Armenia established a Church that still exists independently of both the Catholic and the Eastern Orthodox churches, having become so in 451 AD as a result of its stance regarding the Council of Chalcedon.[25] Today this church is known as the Armenian Apostolic Church, which is a part of the Oriental Orthodox communion, not to be confused with the Eastern Orthodox communion. During its later political eclipses, Armenia depended on the church to preserve and protect its unique identity. The original location of the Armenian Catholicosate is Echmiadzin. However, the continuous upheavals, which characterized the political scenes of Armenia, made the political power move to safer places. The Church center moved as well to different locations together with the political authority. Therefore, it eventually moved to Cilicia as the Holy See of Cilicia.[52]

The Armenians collective has, at times, constituted a Christian "island" in a mostly Muslim region. There is, however, a minority of ethnic Armenian Muslims, known as Hamshenis but many Armenians view them as a separate race, while the history of the Jews in Armenia dates back 2,000 years. The Armenian Kingdom of Cilicia had close ties to European Crusader States. Later on, the deteriorating situation in the region led the bishops of Armenia to elect a Catholicos in Etchmiadzin, the original seat of the Catholicosate. In 1441, a new Catholicos was elected in Etchmiadzin in the person of Kirakos Virapetsi, while Krikor Moussapegiants preserved his title as Catholicos of Cilicia. Therefore, since 1441, there have been two Catholicosates in the Armenian Church with equal rights and privileges, and with their respective jurisdictions. The primacy of honor of the Catholicosate of Etchmiadzin has always been recognized by the Catholicosate of Cilicia.[53]

While the Armenian Apostolic Church remains the most prominent church in the Armenian community throughout the world, Armenians (especially in the diaspora) subscribe to any number of other Christian denominations. These include the Armenian Catholic Church (which follows its own liturgy but recognizes the Roman Catholic Pope), the Armenian Evangelical Church, which started as a reformation in the Mother church but later broke away, and the Armenian Brotherhood Church, which was born in the Armenian Evangelical Church, but later broke apart from it. There are other numerous Armenian churches belonging to Protestant denominations of all kinds.

Through the ages many Armenians have collectively belonged to other faiths or Christian movements, including the Paulicians which is a form of Gnostic and Manichaean Christianity.
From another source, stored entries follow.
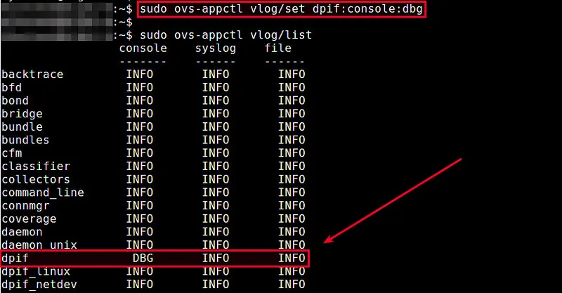 指定任何一个OVS模块,你可以选择性地修改任何特定场合的调试级别。例如,如果你想要在控制台屏幕中查看dpif更为详细的调试信息,可以运行以下命令。
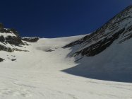 Abfahrt über den Schwarzgletscher, Blankeis von oben gesehen links abgefahren. Nach Kandersteg schmilzt der Schnee über den westlichen hänge davon (Bild).
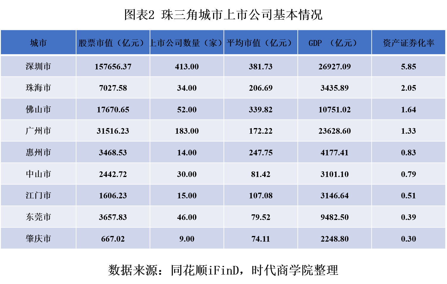 一、上市公司:数量位居珠三角第四,资产证券化率仅高于肇庆
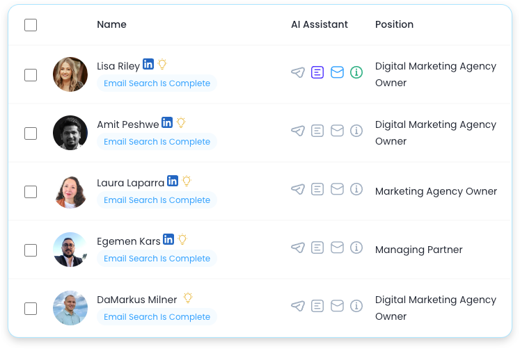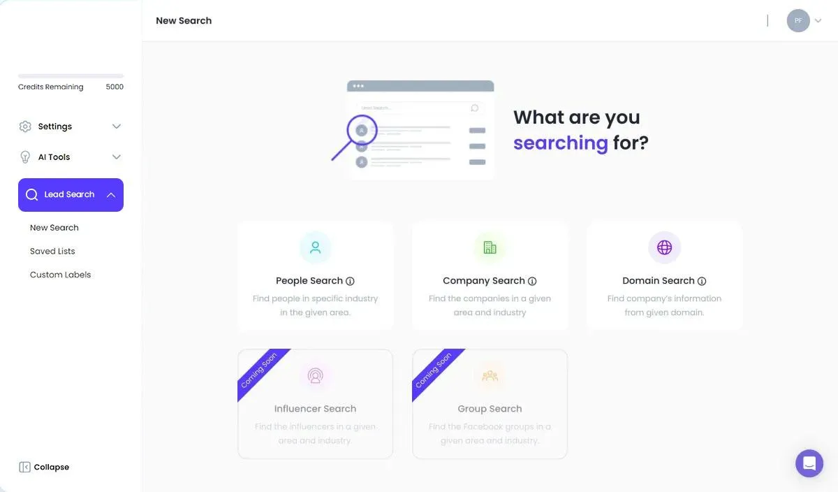 You can find your ideal prospects through the People, Company, or Domain Search. Giving you more options to find and connect in just a few clicks.

Paulicians sought to restore the pure Christianity of Paul and in c.660 founded the first congregation in Kibossa, Armenia.
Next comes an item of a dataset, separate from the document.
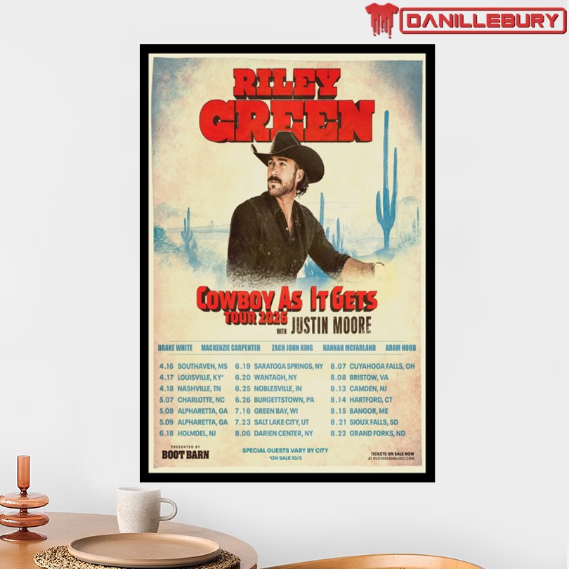 Riley Green Cowboy As It Gets Tour 2025 Poster, Riley Green concert poster, Cowboy As It Gets Tour poster, Riley Green tour memorabilia, Country music poster, Western-themed concert poster, Riley Green fan collectible, Music tour merchandise, Riley Green memorabilia, Country music decor, Concert tour poster, Riley Green merchandise, Western style poster, Country music fan gift, Riley Green tour merchandise, Limited edition concert poster, Riley Green collectible poster, Exclusive tour memorabilia, Riley Green fan merchandise
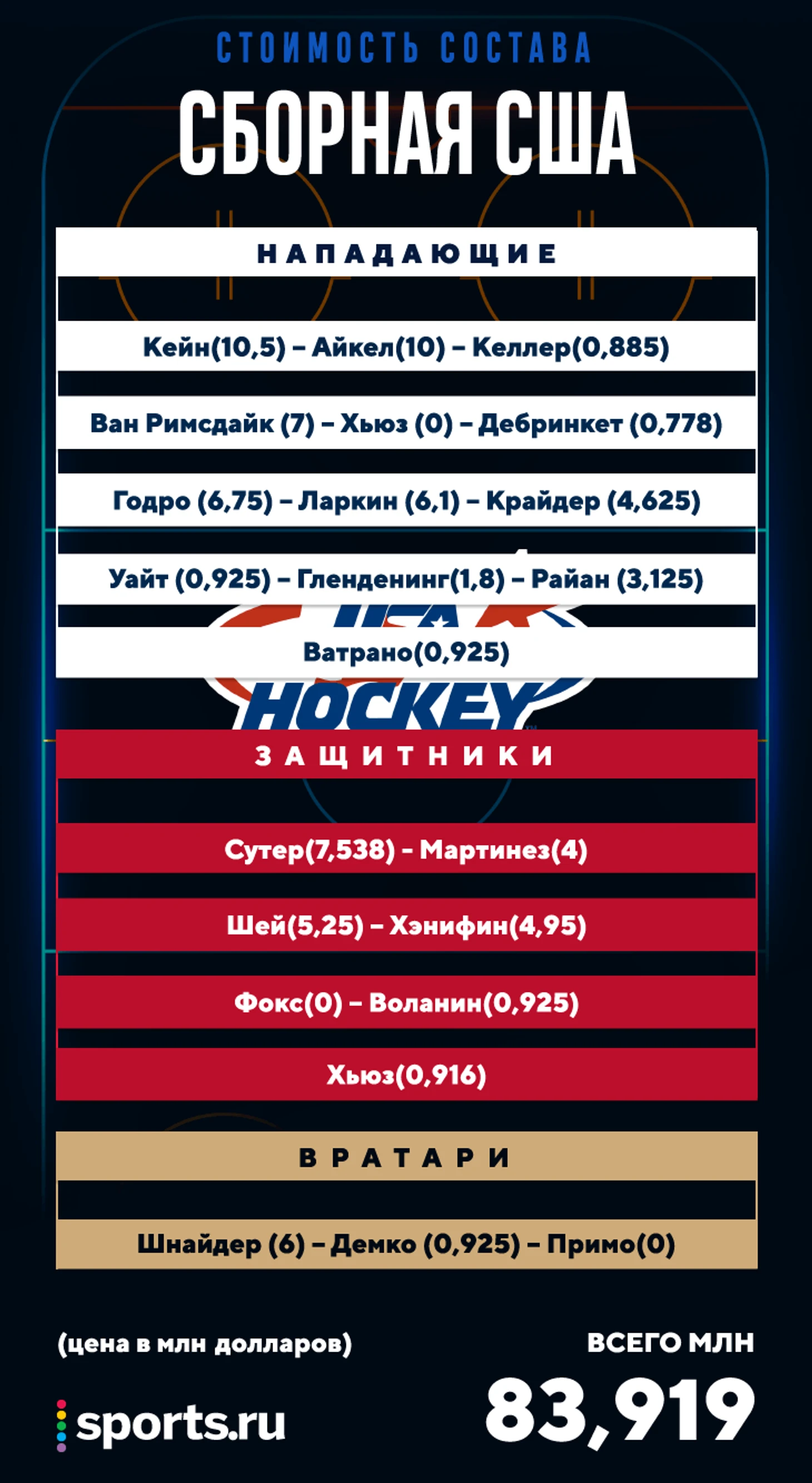 Главный же богач – американская команда. Лучший состав США за последние чемпионаты мира не вместился бы под нынешний потолок зарплат НХЛ. И это при том, что в их составе Джек Хьюз и Адам Фокс, которые, по сути, еще не перешли во взрослый хоккей – их юниорский и студенческий контракты мы не стали считать.

Another example is the Tondrakians, who flourished in medieval Armenia between the early 9th century and 11th century. Tondrakians advocated the abolishment of the church, denied the immortality of the soul, did not believe in an afterlife, supported property rights for peasants, and equality between men and women.

The Orthodox Armenians or the Chalcedonian Armenians in the Byzantine Empire were called Iberians ("Georgians") or "Greeks". See Gregory Pakourianos – the great Byzantine general. Their descendants are the Hayhurum and Catholic Armenians in Georgia.

Language and literature

A 14th-century Armenian illuminated manuscript

Armenian is a sub-branch of the Indo-European family, and with some 8 million speakers one of the smallest surviving branches, comparable to Albanian or the somewhat more widely spoken Greek, with which it may be connected (see Graeco-Armenian). Today, that branch has just one language – Armenian.
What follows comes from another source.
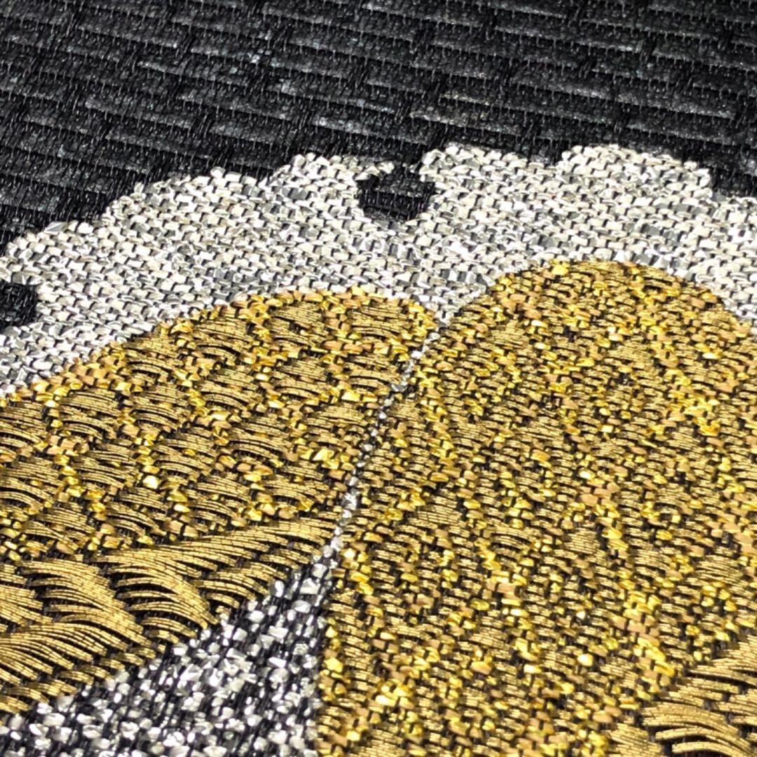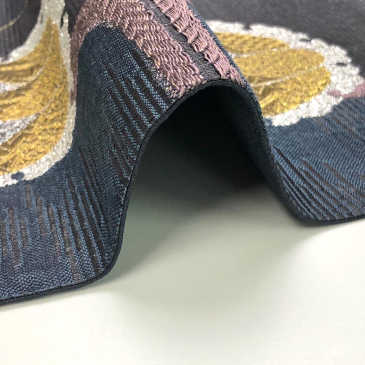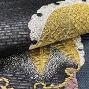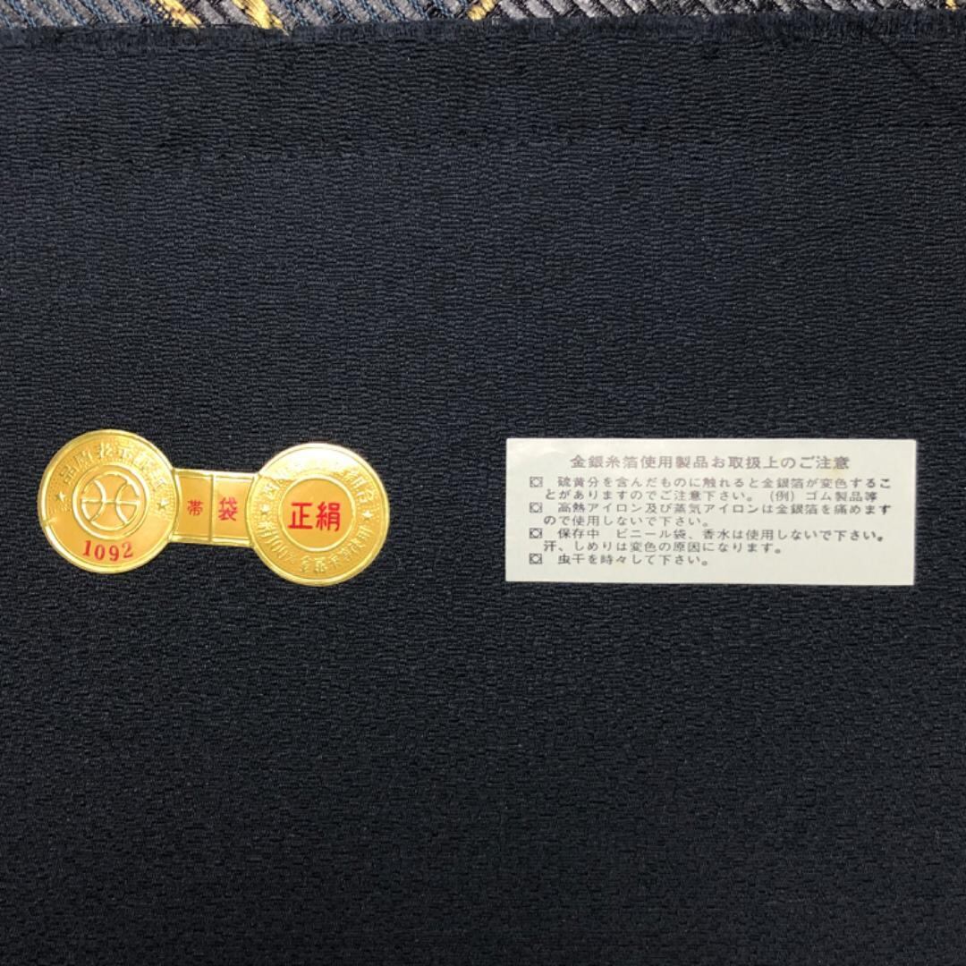 墨色の落ち着いたお色味、雪輪に笹の葉模様の雰囲気の良い柄行がデザインされた素敵なお品でございます。

Five million Eastern Armenian speakers live in the Caucasus, Russia, and Iran, and approximately two to three million people in the rest of the Armenian diaspora speak Western Armenian. According to US Census figures, there are 300,000 Americans who speak Armenian at home. It is in fact the twentieth most commonly spoken language in the United States, having slightly fewer speakers than Haitian Creole, and slightly more than Navajo.

Armenian literature dates back to 400 AD, when Mesrop Mashtots first invented the Armenian alphabet. This period of time is often viewed as the Golden Age of Armenian literature. Early Armenian literature was written by the "father of Armenian history", Moses of Chorene, who authored The History of Armenia. The book covers the time-frame from the formation of the Armenian people to the fifth century AD. The nineteenth century beheld a great literary movement that was to give rise to modern Armenian literature. This period of time, during which Armenian culture flourished, is known as the Revival period (Zartonki sherchan). The Revivalist authors of Constantinople and Tiflis, almost identical to the Romanticists of Europe, were interested in encouraging Armenian nationalism. Most of them adopted the newly created Eastern or Western variants of the Armenian language depending on the targeted audience, and preferred them over classical Armenian (grabar). This period ended after the Hamidian massacres, when Armenians experienced turbulent times. As Armenian history of the 1920s and of the Genocide came to be more openly discussed, writers like Paruyr Sevak, Gevork Emin, Silva Kaputikyan and Hovhannes Shiraz began a new era of literature.

Architecture

The famous Khachkar at Goshavank, carved in 1291 by the artist Poghos.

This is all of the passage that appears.